Glucocorticoids (GC) can regulate aqueous humor outflow and have often been associated with primary open angle glaucoma (POAG). The ocular or systemic administration of glucocorticoids can cause the elevation of intraocular pressure by increasing aqueous humor outflow resistance via morphological and biochemical changes in the trabecular meshwork (TM). The ability of glucocorticoids to induce ocular hypertension is dependent on individual responsiveness, the potency of the glucocorticoid, the route of administration, and the duration of treatment. Glucocorticoid-induced ocular hypertension occurs not only in humans, but also in rabbits, cats, dogs, and nonhuman primates. Glucocorticoids have a multitude of effects on trabecular meshwork cells causing changes in TM protein expression, cytoskeletal organization, extracellular matrix deposition, cell shape, and cell function. Many of these changes in the TM may be responsible for the generation of glucocorticoid-induced ocular hypertension.
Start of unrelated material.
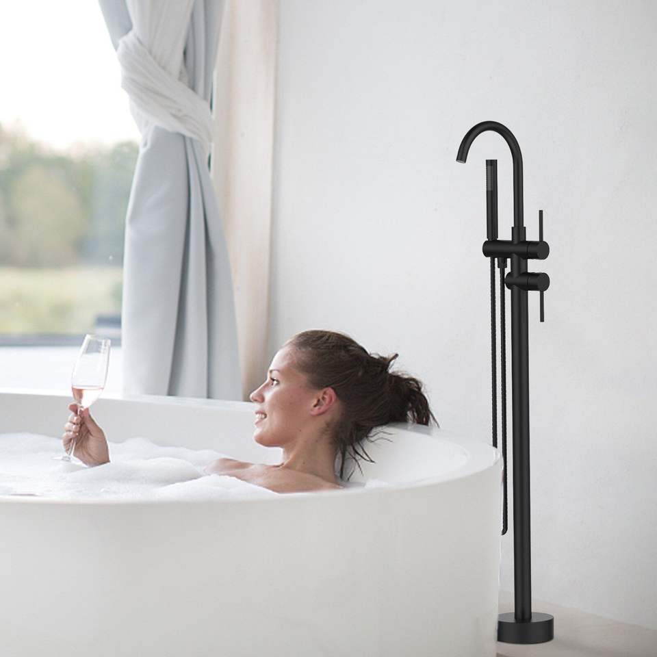 Miscelatore per Vasca da Bagno e Doccia Autoportante Nero Opaco ad Alta Portata con Doccetta, Montaggio a Pavimento, Stile Moderno

There have been several reports of increased cortisol levels, altered cortisol metabolism, and differential glucocorticoid responsiveness in patients with ocular hypertension and POAG. However, there is as yet no clear evidence for a causal role between glucocorticoids and primary open angle glaucoma. Finally, there is evidence that a variety of steroids of differing pharmacological steroid classes can lower the elevated intraocular pressure (IOP) in glucocorticoid-induced ocular hypertension and/ or in glaucoma patients. Continued research in the coming years should (a) identify the molecular mechanisms responsible for glucocorticoid-induced ocular hypertension and glaucoma, (b) determine whether glucocorticoids play a role in the pathogenesis of primary open angle glaucoma, and (c) determine the therapeutic utility of anti-glaucoma steroids.